# SUPPLIED INFORMATION:
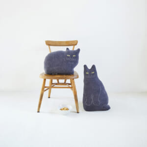 「黒猫のクッション」手染め手刺繍で仕上げた猫の形のクッション。
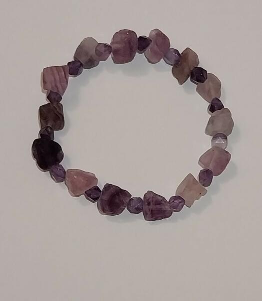 Nyers fluorit-Ametiszt női karkötő A természetesség jegyében. A szemek mérete: 8-10 mm-es nyers fluorit gyöngyök 6mm-es csiszolt ametiszttel kombinálva. A Fluorit ásvány nagyon hasznos védelmező ásványkő. Magabiztosságot kölcsönöz tulajdonosának. Tanulást segítő ásvány, rendszerezi az eddig megtanultakat, és növeli a figyelem összpontosítását. A fluorit megszüntet
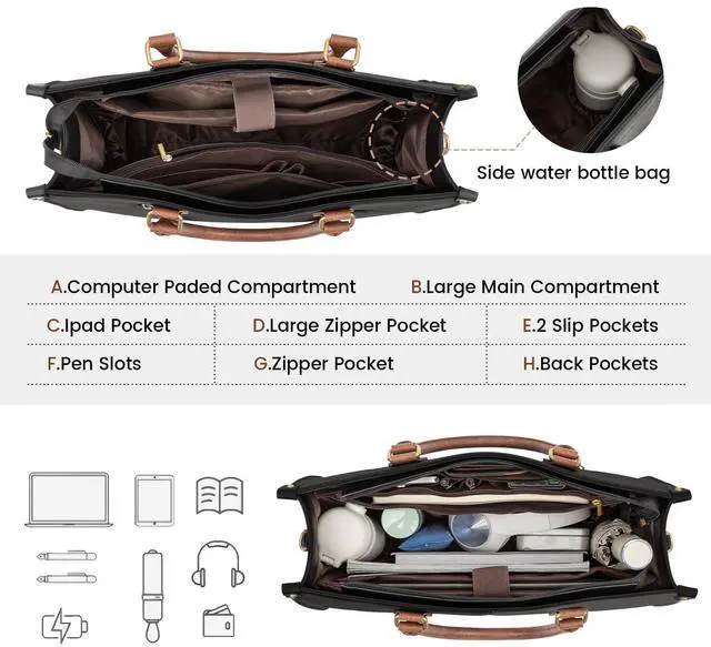 MULTI-POCKET LAPTOP BAG The leather tote bag features 1 main computer padded compartment, 1 tablet compartment, 1 large zipper pocket, 2 slip pockets, 2 pen slots, 1 external wall zipper pocket, and 1 back zipper pocket. Plus, some details combine security with ease of use. Thick foam padding inside the computer compartment, allows this women's laptop bag to better protect your laptop
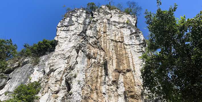 黄龙瀑呈扇形展开,倾泻而下,一路高歌猛进,坠入崖下的深潭,声如洪雷,响彻山谷,恰似一名奔放豪迈的峡江汉子。
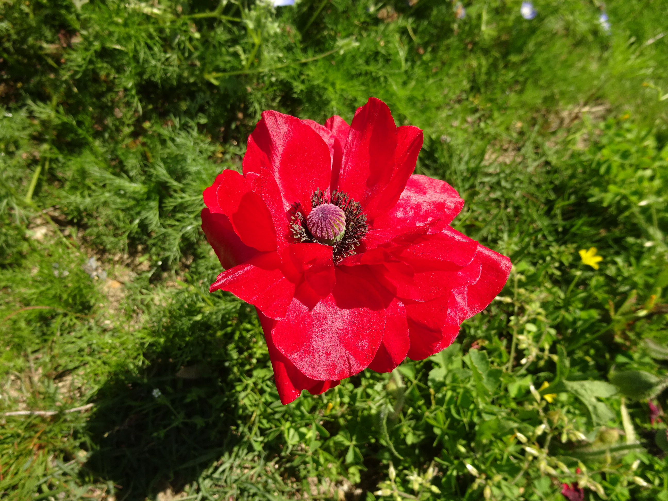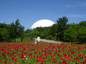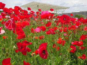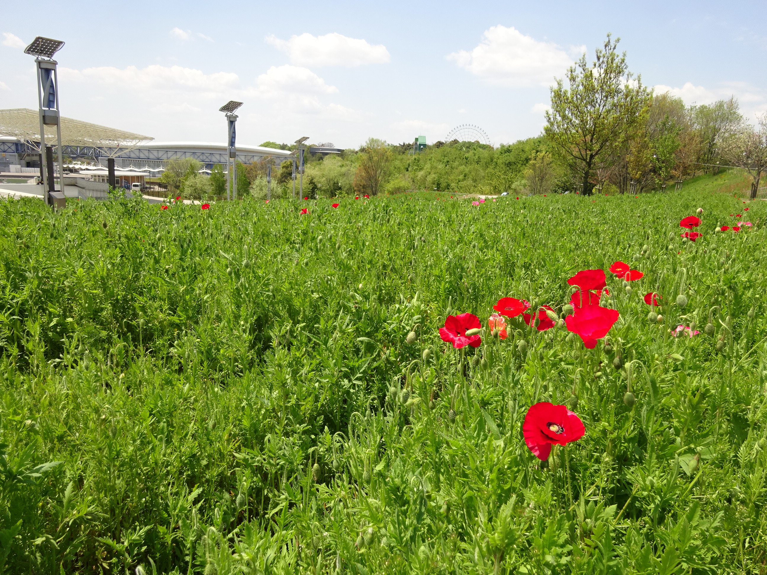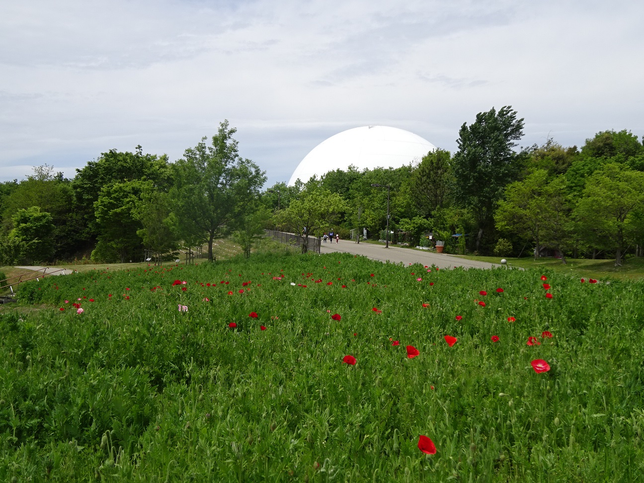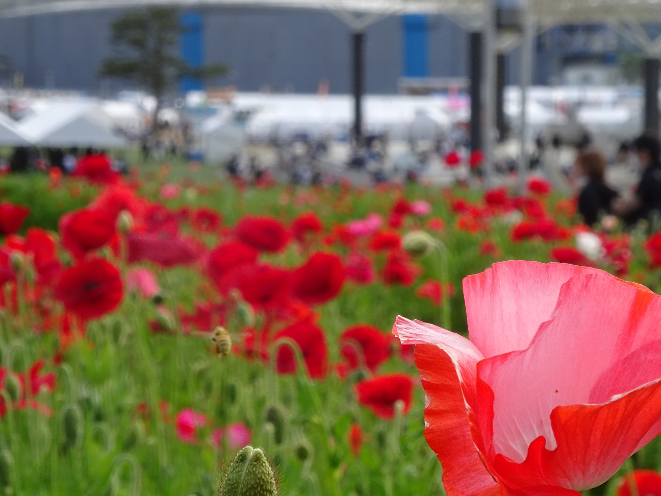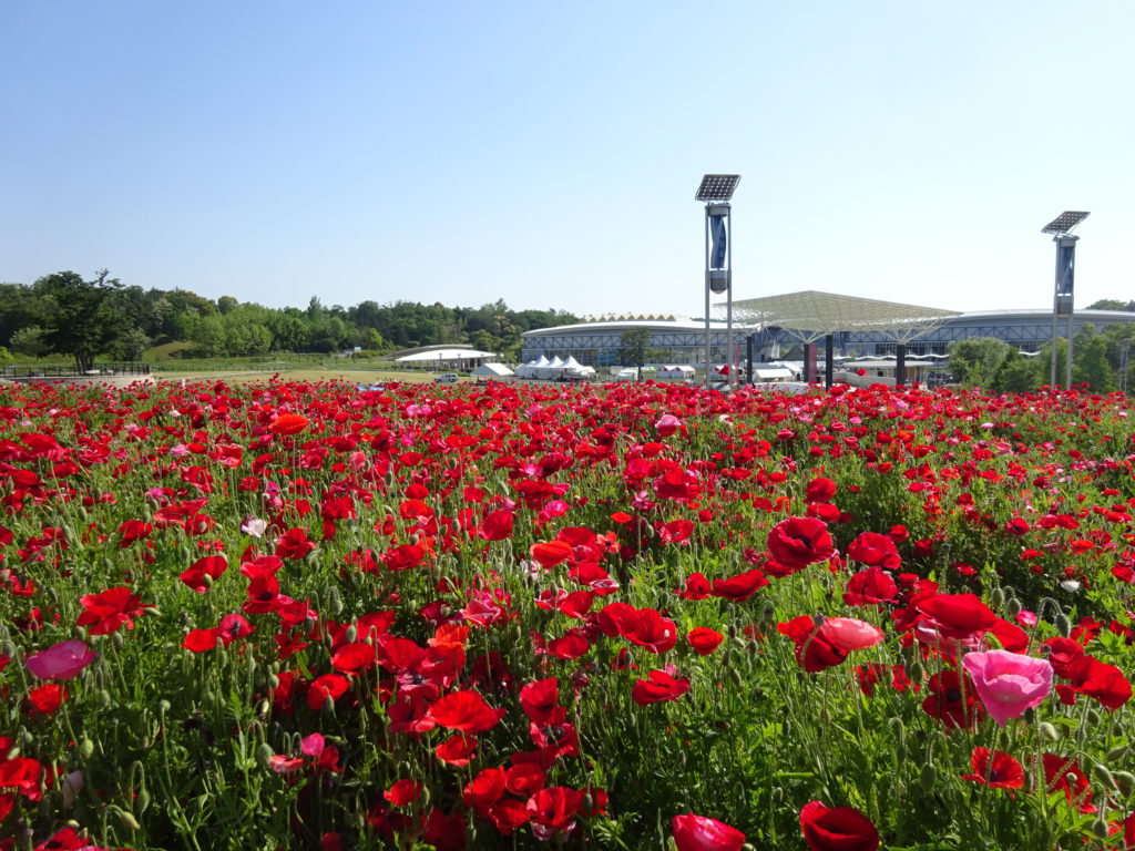 大芝生広場の「シャーレーポピー」、一面真っ赤な花で覆われていて、見ごたえがあります。
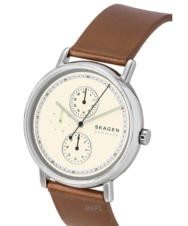 Skagen Signatur Leather Strap Multifunction Cream Dial Quartz SKW6942 Men's Watch
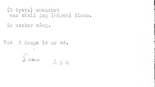 //// (O tysta) ensamhet var skall jag (nöjen) finna. //// En vacker sång. 7:4 ? Brage 14 nr 44. ! //// ÅBO ////
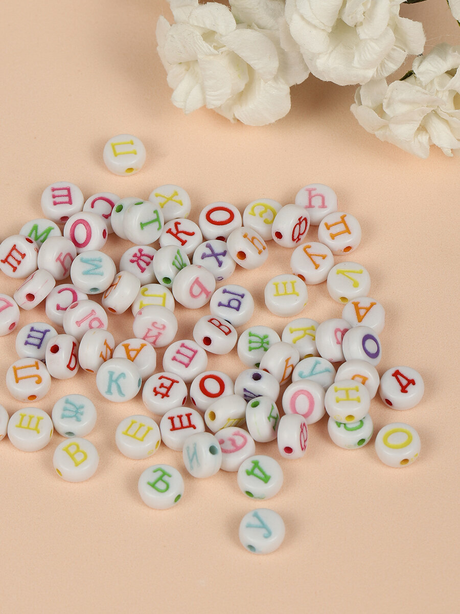 Бусины для браслетов с русскими буквами разноцветные арт. M4H-B001 уп. 40г (300 ± 10 шт)
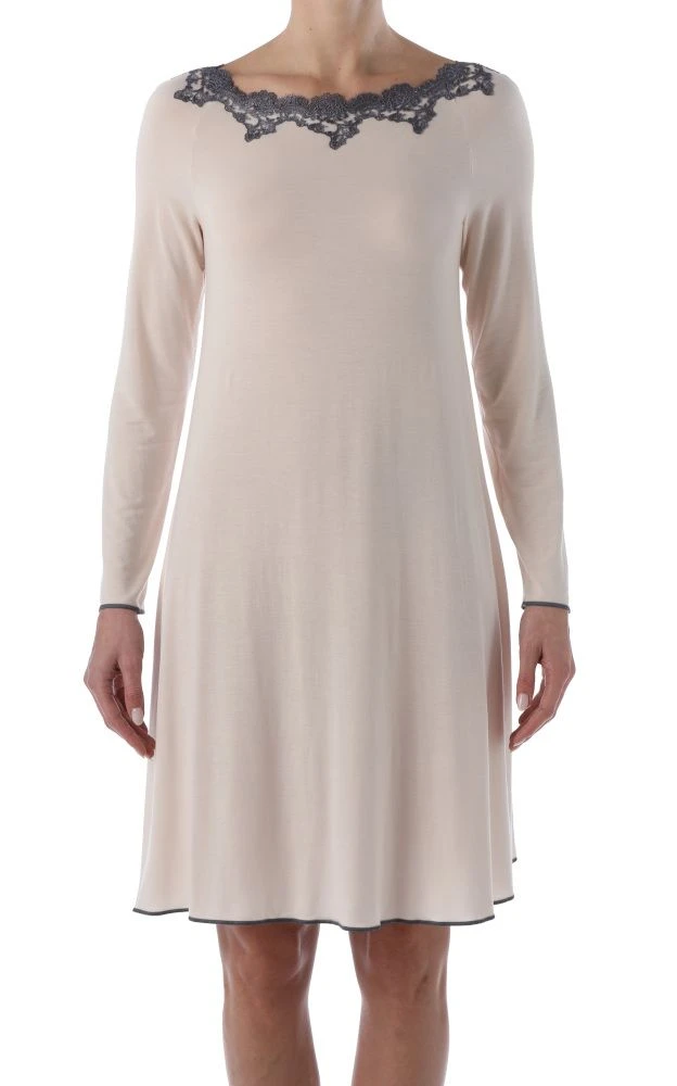 Das Nachtshirt Eva in creme ist am Ausschnitt mit grauer Blütenspitze verziert. Da das Kleid zur modischen Kollektion von Imec gehört, sind ausvekaufte Größen leider nicht nachbestellbar. Bei uns gibt es dieses Kleid in den Größen 2 bis 6.

# EXERCISE:
Extract all the data above exactly, excluding every picture.

# SOLUTION TO THIS PROBLEM:
 「黒猫のクッション」手染め手刺繍で仕上げた猫の形のクッション。
 Nyers fluorit-Ametiszt női karkötő A természetesség jegyében. A szemek mérete: 8-10 mm-es nyers fluorit gyöngyök 6mm-es csiszolt ametiszttel kombinálva. A Fluorit ásvány nagyon hasznos védelmező ásványkő. Magabiztosságot kölcsönöz tulajdonosának. Tanulást segítő ásvány, rendszerezi az eddig megtanultakat, és növeli a figyelem összpontosítását. A fluorit megszüntet
 MULTI-POCKET LAPTOP BAG The leather tote bag features 1 main computer padded compartment, 1 tablet compartment, 1 large zipper pocket, 2 slip pockets, 2 pen slots, 1 external wall zipper pocket, and 1 back zipper pocket. Plus, some details combine security with ease of use. Thick foam padding inside the computer compartment, allows this women's laptop bag to better protect your laptop
 黄龙瀑呈扇形展开,倾泻而下,一路高歌猛进,坠入崖下的深潭,声如洪雷,响彻山谷,恰似一名奔放豪迈的峡江汉子。
 大芝生広場の「シャーレーポピー」、一面真っ赤な花で覆われていて、見ごたえがあります。
 Skagen Signatur Leather Strap Multifunction Cream Dial Quartz SKW6942 Men's Watch
 //// (O tysta) ensamhet var skall jag (nöjen) finna. //// En vacker sång. 7:4 ? Brage 14 nr 44. ! //// ÅBO ////
 Бусины для браслетов с русскими буквами разноцветные арт. M4H-B001 уп. 40г (300 ± 10 шт)
 Das Nachtshirt Eva in creme ist am Ausschnitt mit grauer Blütenspitze verziert. Da das Kleid zur modischen Kollektion von Imec gehört, sind ausvekaufte Größen leider nicht nachbestellbar. Bei uns gibt es dieses Kleid in den Größen 2 bis 6.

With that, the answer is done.